Nei soggetti di età superiore a settant'anni, l'uso corrente di levotiroxina si associa a un incremento significativo del rischio fratturativo, con una forte relazione dose-risposta.

È quindi necessario monitorare bene i dosaggi per evitare sovratrattamenti in questa categoria di pazienti.

Questo il risultato di uno studio caso-controllo condotto da un team di esperti canadesi, capeggiato da Marci R. Turner, del dipartimento di Medicina dell'università di Toronto.

La ricerca ha coinvolto 213.511 anziani che hanno assunto levotiroxina tra l'aprile 2002 e il marzo 2007, seguiti per un'eventuale frattura fino al marzo 2008.

Come casi si sono considerati i soggetti che si sono recati in ospedale per qualunque tipo di frattura, ognuno dei quali è stato affiancato anche da cinque controlli.

Obiettivo dello studio era valutare la comparsa di una frattura (polso o avambraccio, spalla o parte superiore del braccio, vertebre toraciche e lombari, bacino, anca o femore, parte inferiore della gamba o caviglia) in relazione all'assunzione, in passato o al momento dello studio, di levotiroxina.

Il rischio di frattura tra chi assumeva levotiroxina è stato confrontato con quello di chi prendeva il farmaco negli anni precedenti la frattura.

Tra i 213.511 soggetti che assumevano levotiroxina al momento della ricerca, si sono verificate 22.236 (10.4%) fratture durante un follow-up medio di 3,8 anni, di queste 18.108 (88%) hanno colpito donne.

Rispetto a chi aveva usato levotiroxina in passato, l'uso corrente si è associato in modo significativo a un rischio più alto di frattura (odds ratio aggiustato 1.88), nonostante l'aggiustamento per numerosi fattori di rischio.

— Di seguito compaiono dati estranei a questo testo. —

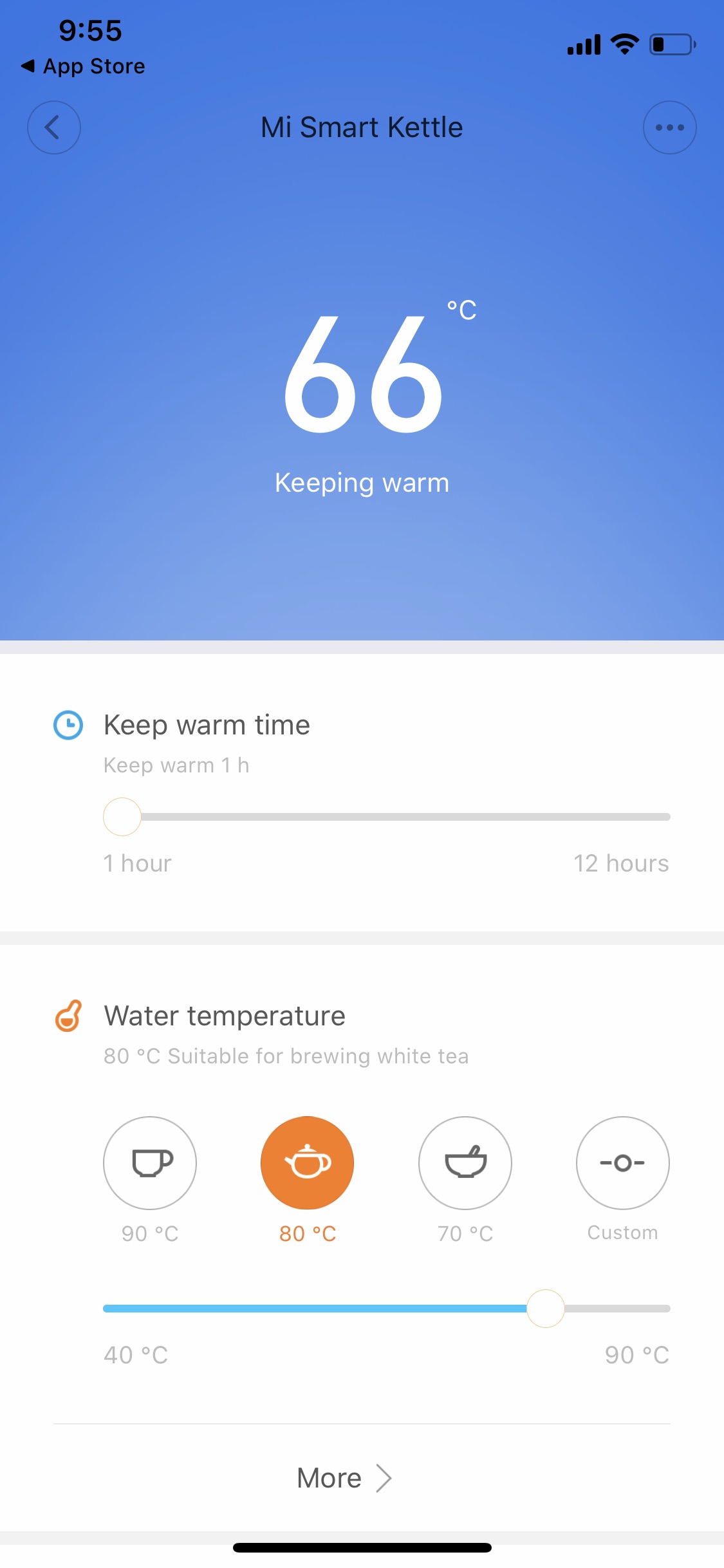 Uvaření vody je tak jednoduchý úkol, až se může zdát, že zapojovat zde chytré technologie je zcela zbytečné. Vždy to ale nemusí být pravda. U chytrých produktů považujeme za samozřejmost možnost připojení zařízení ke smartphonu. Xiaomi Mi Smart Kettle ani v tomto ohledu není výjimkou. Na rozdíl od některých ostatních zařízení ji však lze spárovat pouze prostřednictvím Bluetooth. Například rýžovar Xiaomi Mi Rice Cooker se připojuje přes Wi-Fi díky čemuž jej můžete ovládat odkudkoliv. Konvici je možné z telefonu řídit jen v její blízkosti.
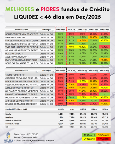 MELHORES E PIORES FUNDOS DE CRÉDITO EM 2025 (Prazo inferior a 46 dias)
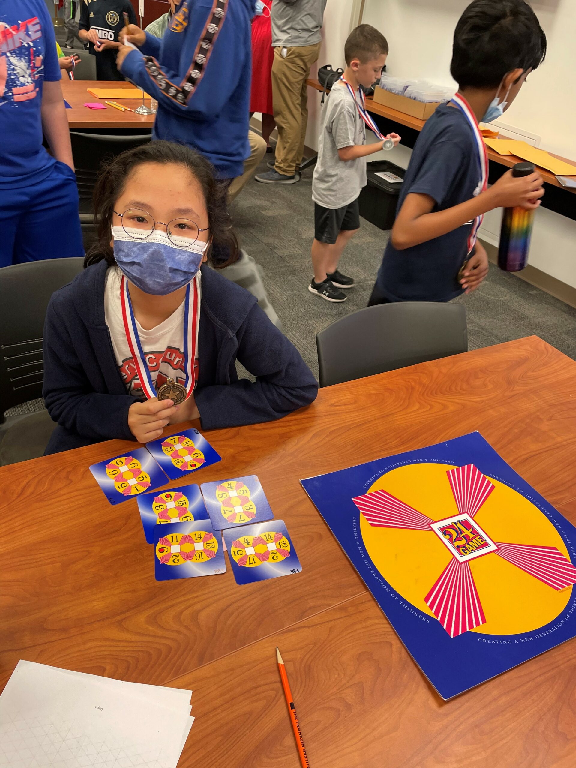Angie Lee after winning the Math 24 TournamentAngie Lee, a fifth grade student at Simmons Elementary School, won the Montgomery County Math 24 Tournament held on May 26, 2022. In the Math 24 game, players are shown cards with four numbers on them and need to make the number 24 by adding, subtracting, multiplying and dividing. Each number must be used, but each number can be used only once. Beyond strengthening procedural fluency, the Math 24 game expands strategic thinking and adaptive reasoning abilities, laying the groundwork for higher-order math skills.
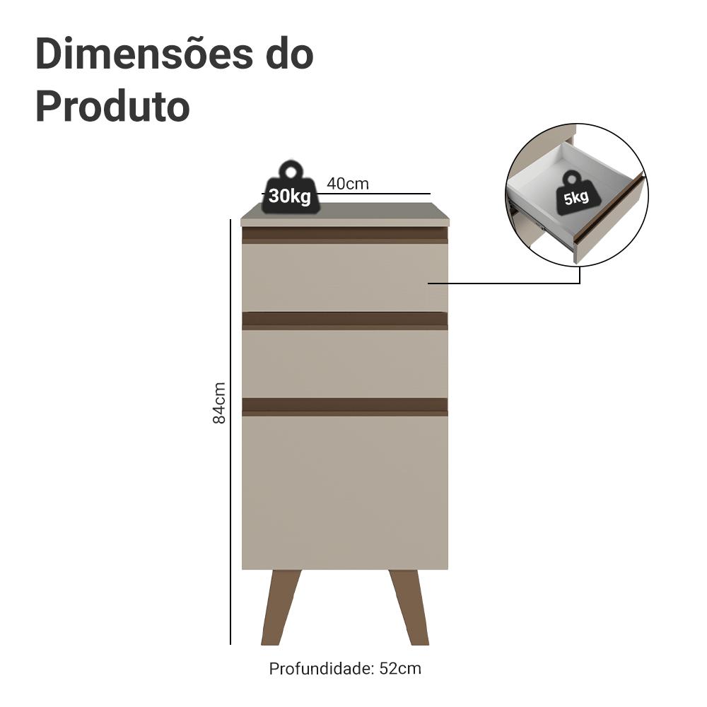 O Balcão Gaveteiro com três gavetas espaçosas oferece ótimo espaço para manter tudo sempre à mão. O destaque fica por conta da última gaveta, que possui maior profundidade, ideal para acomodar itens mais volumosos. As corrediças com abertura total garantem fácil acesso e deslizamento suave em todas as gavetas, proporcionando mais funcionalidade no dia a dia.A linha Nice chega em uma nova versão no tom crema, uma tonalidade suave que transmite aconchego e leveza. Outro diferencial está nos puxadores em bronze metalizado e pés em bronze sólido, que acrescentam um toque contemporâneo. Produzido com materiais de qualidade, o balcão conta com puxadores em perfil de alumínio, discretos e resistentes e o acabamento de alta resistência mantém a beleza do móvel por muito mais tempo.Medidas totais:- 84 cm de altura- 40 cm de largura- 52 cm de profundidadeO que você recebe: - Um (1) Balcão com três (3) gavetas e tampoCódigo do produto: G244017PNCCTÉ importante saber:- Material: MDP- Imagens meramente ilustrativas, a decoração não acompanha o produto.- A Madesa não oferece serviço de montagem.- O produto segue com manual e todas as ferragens necessárias para a instalação.A Madesa se dedica à sustentabilidade com várias iniciativas: temos uma usina própria que gera energia para uma das fábricas. Priorizamos fornecedores responsáveis com o meio ambiente. Todo o plástico utilizado na produção é reciclado, e as sobras também são reaproveitadas. Investimos no desenvolvimento de nossos colaboradores e em ações que beneficiem a comunidade.
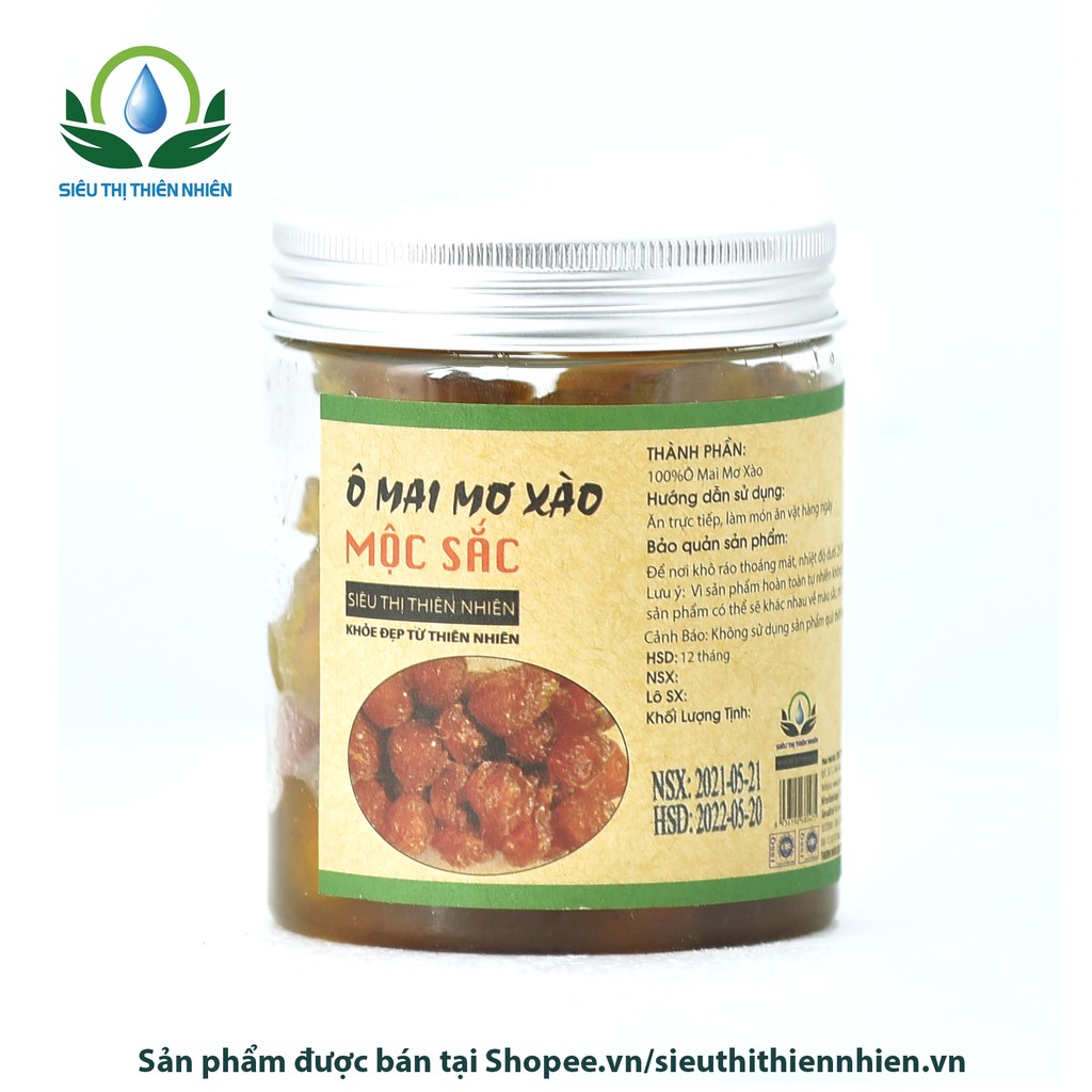 Ô mai mơ xào mộc sắc, xí muội của siêu thị thiên nhiên - Quy cách đóng gói: hộp - Khối lượng tịnh: 200g - Xuất xứ: Việt Nam - Đạt chuẩn ISO 22000 - 2018 và HACCP 2003 - Kiểm tra mã vạch trực tiếp trên bao bì của sản phẩm - Bảo quản: Nơi khô ráo thoáng mát, tránh ánh nắng mặt trời - Đóng kín sau khi sử dụng - Hạn sử dụng: 12 tháng
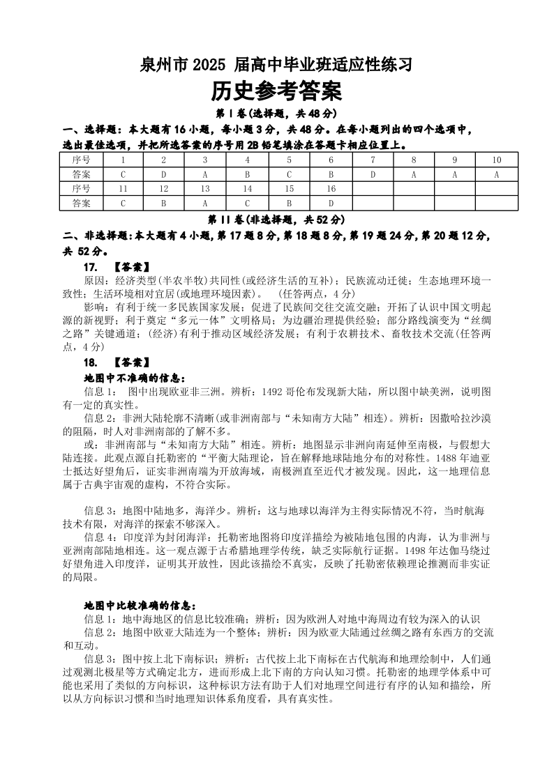 泉州市2025届高中毕业班适应性练习卷 历史答案.pdf

Tra gli utilizzatori correnti, dosi cumulative alte e medie (>0,093 mg/die e 0,044-0,093 mg/die) sono risultate essere associate a un rischio significativamente maggiore di fratture rispetto a dosi cumulative basse (<0,044 mg/die), rispettivamente di 3,45 e 2,62.

da BMJ, 2011; 342:d2238

(n.d.r.by L.G.: Il rischio già lo si conosceva: i dati confermano la necessità del monitoraggio farmacologico nei  soggetti che eseguono la terapia ormonale tiroidea).